Given a limited number of sites, it may be difficult to get high support for all the nodes in a phylogeny. The aim of this project is to investigate how one could predict how many sites should be analyzed for a particular branch to be resolved with high posterior probability.

Investigate codon-position models vs codon models for phylogenetic reconstruction


Coding sequences are typically modelled at the codon level, using an alphabet with 61 states (64 - 3 stop codons). These models are often use to study natural selection. Another way to model coding sequences is to partition the data into three categories: first, second, and third codon positions. The purpose of this project is to try both models and compare them, either in terms of posterior predictive simulations, or in terms of phylogenetic reconstruction.

What did proteins look like close to the origin of life?

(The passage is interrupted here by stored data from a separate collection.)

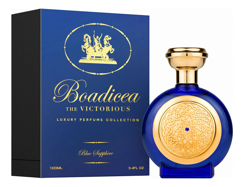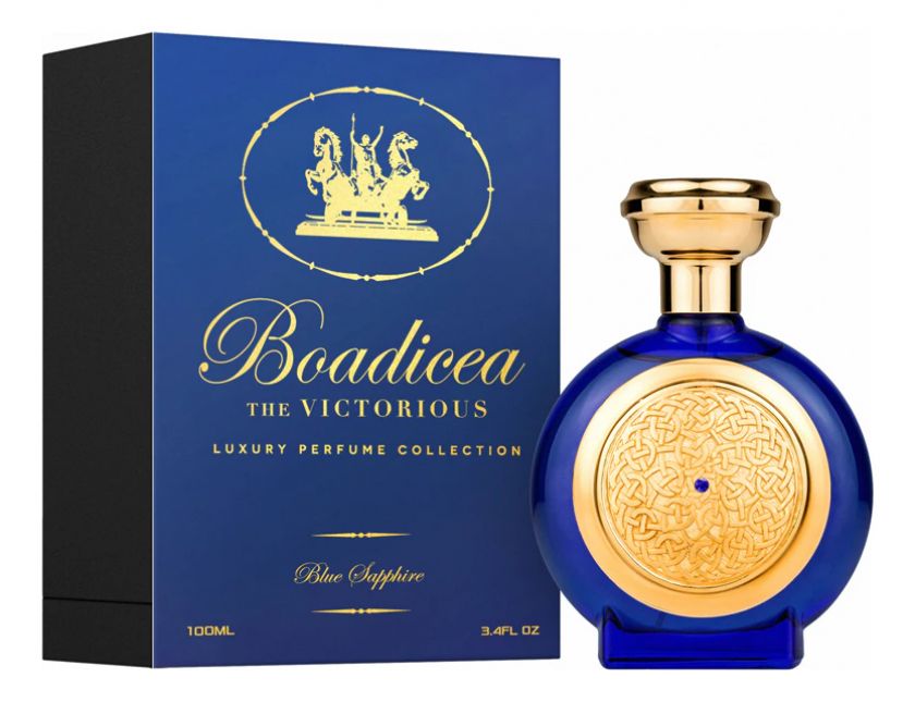 Boadicea The Victorious Blue Sapphire («Голубой сапфир» от Боадицея Виктори) – новый аромат, выпущенный в 2013 году. Букет представляет восточное направление в парфюмерии. Он посвящен юбилею свадьбы британской королевы и ее супруга. Сапфировый флакон украшен золотом и помещен на шелковое ложе.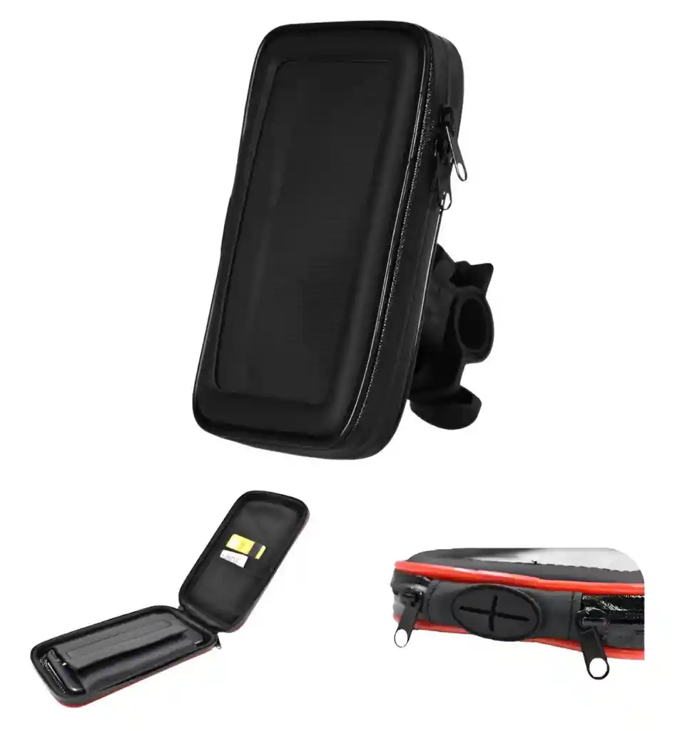 soporte te permite disfrutar de la carretera con total seguridad y comodidad. Se adapta a cualquier dispositivo de hasta 18 cm, desde smartphones hasta GPS. - Impermeable: La cremallera sellada protege tu dispositivo de la lluvia y el polvo. - Pantalla táctil: Utiliza tu dispositivo con total normalidad gracias a la ventana súper sensible.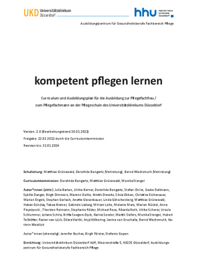 Das Düsseldorfer Curriculum kompetent pflegen lernen ist das Schulinterne Curriculum des Ausbildungszentrums für Gesudnheitsberufe Fachbereich Plfege und ist in der Version 2.0 (Stand 22.02.2022) aktualisiert worden. Es steht auf der Startseite des Fachbereichs Pflege für alle Interessierten mit einigen Anlagen zum zum Download bereit.
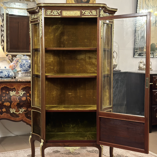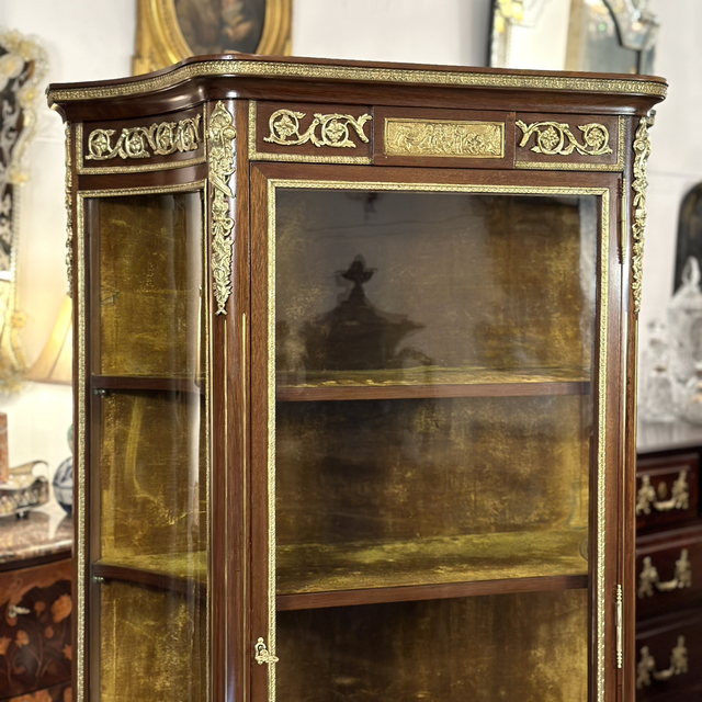 Elegante vitrine francesa do século XIX (c. 1860–1880), em estilo Luís XV revival, típica do período Napoleão III.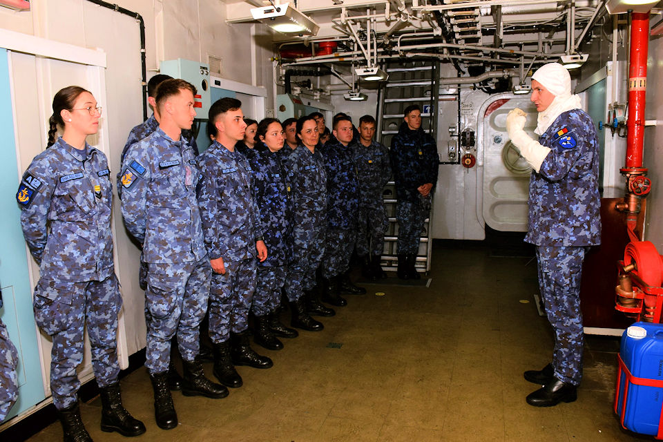 Elevii militari au simulat procedura de abandon al navei, au acționat, după cum au învățat în școală, pentru lichidarea unui incendiu fictiv izbucnit într-unul dintre compartimentele fregatei. Acest rol le-a permis să îmbrace costumele ignifuge folosite de grupele de intervenție de la bord și să își testeze capacitatea de reacție în cazul unei situații de urgență reale.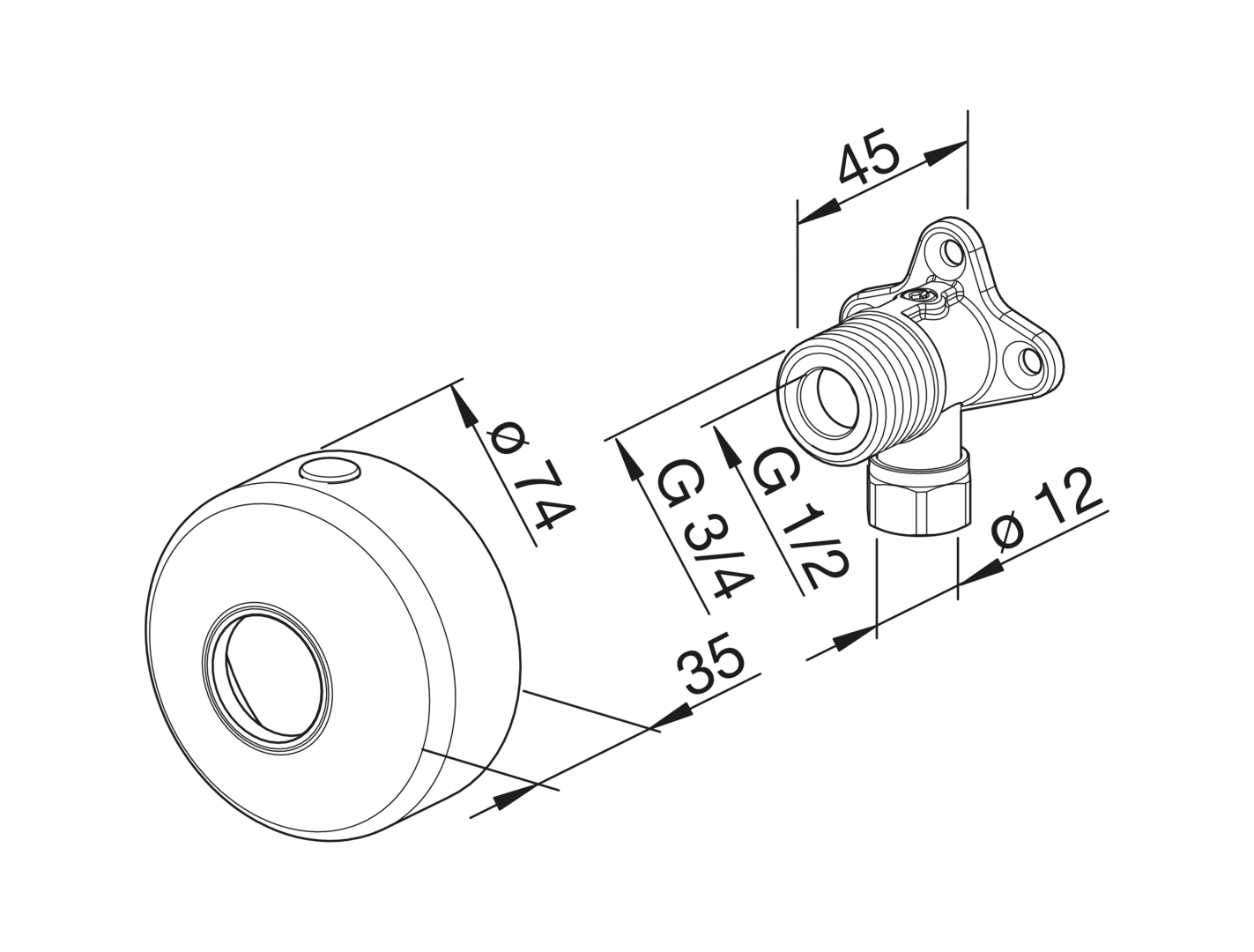 Med föravstängning och manschett för Ø12 rör med förminskningsset för Ø10 rör.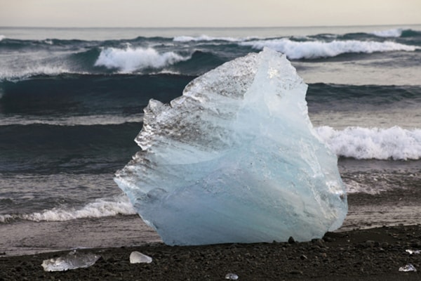 Iceberg on the Beach and in the Atlantic Ocean near the Glacial Lake Joekulsarlon in the South between Skaftafell National Park and Hoefn, Iceland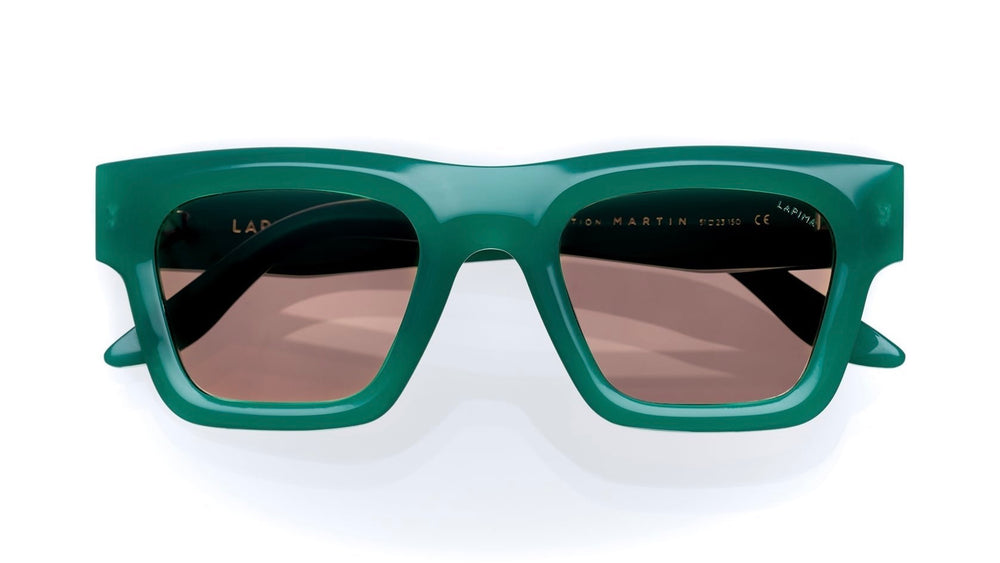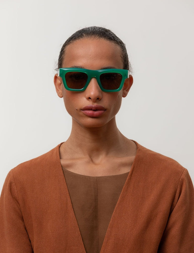 A bold, retro-inspired square sunglasses design featuring a chunky emerald green acetate frame. The glasses showcase a substantial, architectural silhouette with clean lines and sharp angles. The lenses are a warm brown tint, creating an elegant contrast with the frame. The temple arms maintain the same substantial width and green coloring as the front frame, creating a cohesive, luxury aesthetic. The design has a contemporary yet timeless appeal that would suit a variety of face shapes.

10 residues (ASDGLIPTEV) represent a consensus view of plausibly available amino acids through prebiotic chemistry. Giacobelli et al. took the C-terminal domain of a ribosomal protein, UL11, and replaced all “recent” amino acids by one of the 10 ancient ones, to generate a vast number of proteins which might have been functional before all amino acids were available. They then selected the most viable proteins among those. In this project, the goal is to try to reverse-evolve in silico the C-terminal domain of UL11 towards the reduced set of 10 amino acids, and see how it compares to the experimental results of Giacobelli et al.

Detecting changes in protein sequences associated to changes to the C4 metabolism in plants


The C4 metabolism is used by several groups of plants as an adaptation to photosynthesize in hot and dry conditions. In the rubisco protein, several sites seem to be associated to this metabolic change (see Parto and Lartillot, 2016). The aim of this project is to build a model to try and find these sites using RevBayes, using the amino acid sequences of the protein.